When going through this tale, I’m struck by how Herbert is almost ‘the second coming’. He’s put up on a pedestal and held in such awe. Everyone hangs on his every word. Quite rightly, too, since he’s proved that what he says always comes true.

But this gift comes at a cost to young Pinner. What childhood is he allowed? And the great weight that’s placed on his shoulders is too much for a kid, surely? (more on that below…).

If Herbert didn’t have this gift, would his father notice him for a boy and not a gift to be exploited? What breaks my heart more than anything in this story is when Read, Herbert and the father get to the hotel, away from all the noise, and Dad leaves his son.

Fair enough, his father doesn’t know it’s the end of the world, but it says everything about how the dad would rather relish the gifts than spend time with the person, his son, giving the gifts. He’s a lonely boy.

Does the dad come back? Does he go on a bender and Herbert never sees him again?

And why tell Read that the world is going to end at all? Why not allow Read to fall for the lie, too? Is it because he feels connected to Read in a way he doesn’t with his own father? Is it simply because Herbert needs to tell someone, anyone, to share the burden?

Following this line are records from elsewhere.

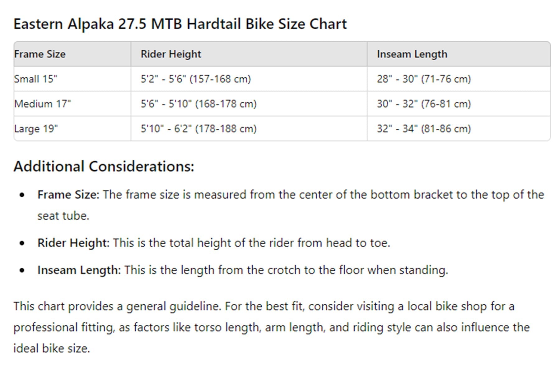 • Wheels: Eastern 27.5" Quick Release Hubs, 36h Black Double Wall Rim, Black Stainless Spokes Brass Nipples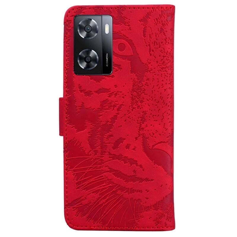 Θήκη τηλεφώνου από δέρμα με οριζόντιο άνοιγμα και ανάγλυφο σχέδιο τίγρης για OPPO A57 2022 4G/A57 2022 5G/Realme Q5i/Realme V23 5G/Realme Narzo 50 5G/A77 5G (Μαύρο)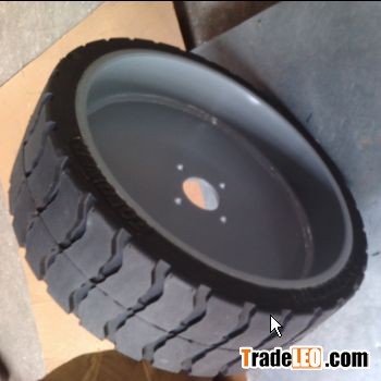 Cured-on solid tyre for platform lift: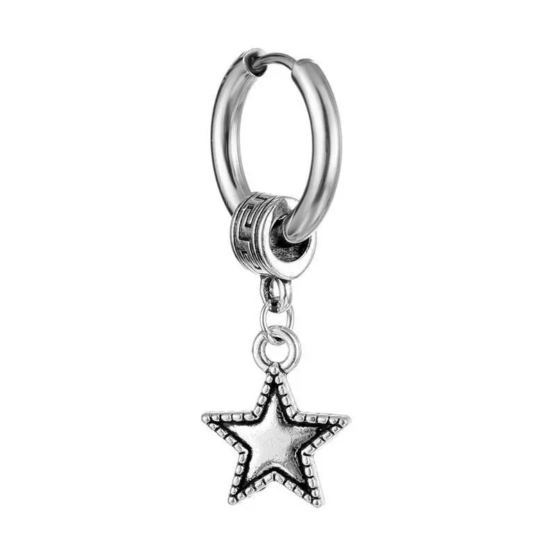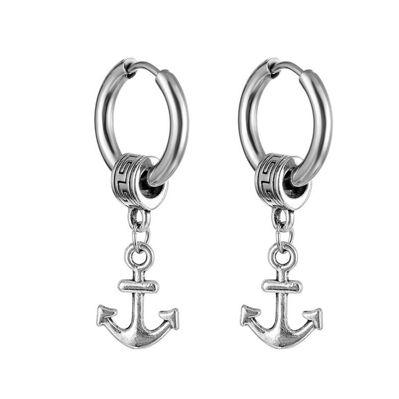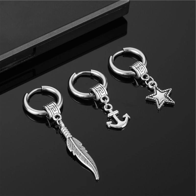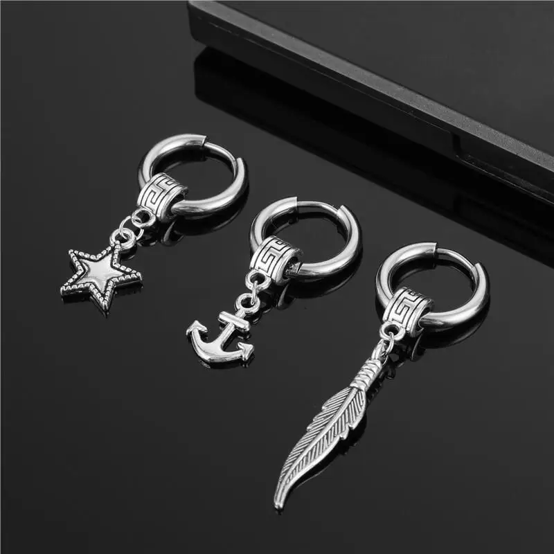Серьги-кольца в стиле панк для мужчин и женщин, Модные Винтажные вечерние ювелирные украшения из нержавеющей стали с перьями и звездами, якорем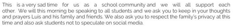 Extract of letter, sent on January 20, from the headteacher to parents of children at All Hallows School, Farnham, which Luis Guembes attended.

The thing that made this tale so impactful

For me, the impact of this tale is that it is a boy who’s doing all this. He’s been given a gift that he ends up not wanting. But, he does a very grown up thing. When he finds out the world is going to end, he doesn’t scream this to the world, as he knows that it’ll make no difference. Instead, he gives the whole world a gift. He makes sure everyone enjoys themselves and has a great big party before the end comes.

This play of youth versus wisdom is what turns this tale from ‘good idea’ to ‘great execution’. It leaves its mark.

Would we do the same in his situation? Would we want to know when the world ends in the first place? Is this the question the author had in their mind when writing it?